The Handler<M> Trait #
#[async_trait]
pub trait Handler<M>: Actor {
type Reply: Send + 'static;
async fn handle(
&mut self,
message: M,
ctx: &ActorContext<Self>,
) -> Result<Self::Reply, ActorExitStatus>;
}
An actor implements Handler<M> for each message type it accepts. If handle returns Err(ActorExitStatus::...), the actor stops processing messages and enters its finalization path. The exit status propagates to supervisors.

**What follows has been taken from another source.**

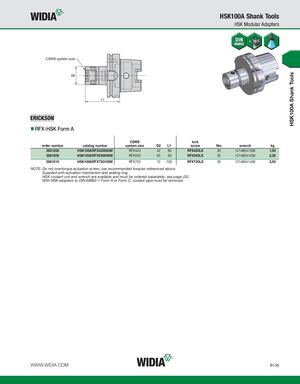 HSK100A Shank Tools HSK100A Shank Tools HSK Modular Adapters CSWS system size RFX-HSK Form A CSWS lock order number catalog number system size D2 L1 screw Nm wrench kg 3881208 HSK100ARFX420080M RFX420 42 80 RFX420LS 20 12148041300 1,00 3881209 HSK100ARFX550090M RFX550 55 90 RFX550LS 25 12148041400 2,20 3881210 HSK100ARFX720105M RFX720 72 105 RFX720LS 25 12148041400 2,50 NOTE: Do not overtorque actuation screw; use recommended torques referenced above. Supplied with actuation mechanism and sealing ring. HSK coolant unit and wrench are available and must be ordered separately; see page J32. With HSK adapters to DIN 69893-1 Form A or Form C, coolant pipe must be removed. WWW.WIDIA.COM B135

#[derive(Clone, Debug, Error)]
pub enum ActorExitStatus {
#[error("success")]
Success,
#[error("quit")]
Quit,
#[error("downstream actor exited")]
DownstreamClosed,
#[error("killed")]
Killed,
#[error("failure(cause={0:?})")]
Failure(Arc<anyhow::Error>),
#[error("panicked")]
Panicked,
}
DownstreamClosed is the key status for pipeline teardown: if the Uploader’s mailbox to the Sequencer is disconnected (because the Sequencer exited), the Uploader returns DownstreamClosed, which propagates backwards up the pipeline.
The Mailbox #
pub struct Mailbox<A: Actor> {
inner: Arc<Inner<A>>,
ref_count: Arc<AtomicUsize>,
}
struct Inner<A: Actor> {
pub(crate) tx: Sender<Envelope<A>>,
scheduler_client_opt: Option<SchedulerClient>,
instance_id: String,
}
A Mailbox<A> is the send-side handle for communicating with an actor. It wraps a channel sender and tracks reference count: when the last Mailbox clone is dropped, the actor’s inbox is closed, signalling the actor to drain and exit.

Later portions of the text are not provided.